Entries taken from a collection:
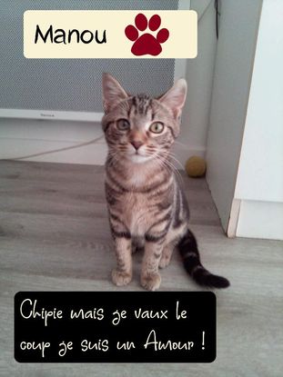 Salut tout le monde, Je m'appelle Manou, mais je préfère Lara Croft. Je suis une nénette qui aime jouer, grimper partout, sauter de meuble en meuble. Je suis une indépendante, j'aime bien les caresses mais pas trop longtemps. Je préfère courir après les jouets. J'apprécie les autres chats et surtout les embêter. J'ai un chien qui habite chez moi, et je l'accepte aussi ! Je crois que c'est un défaut, mais j'ai entendue ma Famille d'Accueil dire que si j'avais été un mâle, elle m'aurait appelé Chiper. Car c'est vrai que j'adore prendre les choses que je peux mettre dans ma bouche et me sauver avec. Il ne faut rien laisser, même la nourriture ! Venez me rencontrer chez ma SUPER Famille d'Accueil sur Retiers dans le 35. Formulaire de Pré Adoption : https://docs.google.com/forms/d/e/1FAIpQLSeO_7R3eIOTNdox-jdtJHhUttJ9VH_I3yX7LM086y9NS6fYtw/viewform?usp=sf_link
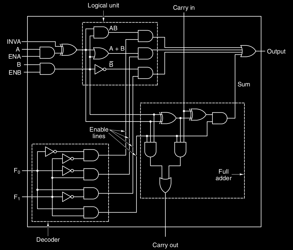 La ALU ( ad 1-bit ) contiene 3 unità principali :
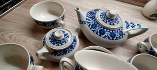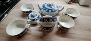 Elegante servizio da tavola in porcellana con decorazioni blu e bianche. - Teiera - Zuccheriera - 6 tazze
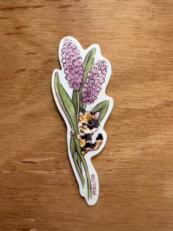 STICKER DE GATA Y LAVANDA
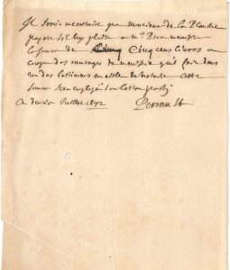 Charles PERRAULT (1628-1703) écrivain, auteur des Contes de ma mère l’Oye, contrôleur des bâtiments du Roi. [AF] P.A.S., 31 juillet 1672 ; 1/3 page in-8. Travaux de Versailles. Il prie M. de la Planche Prière de payer à Maître Prou,...

Task to complete
Output only the lines running from the line with "STICKER DE GATA Y LAVANDA" through the last line of the entries above, inclusive, with pictures excluded.

Response
 STICKER DE GATA Y LAVANDA
 Charles PERRAULT (1628-1703) écrivain, auteur des Contes de ma mère l’Oye, contrôleur des bâtiments du Roi. [AF] P.A.S., 31 juillet 1672 ; 1/3 page in-8. Travaux de Versailles. Il prie M. de la Planche Prière de payer à Maître Prou,...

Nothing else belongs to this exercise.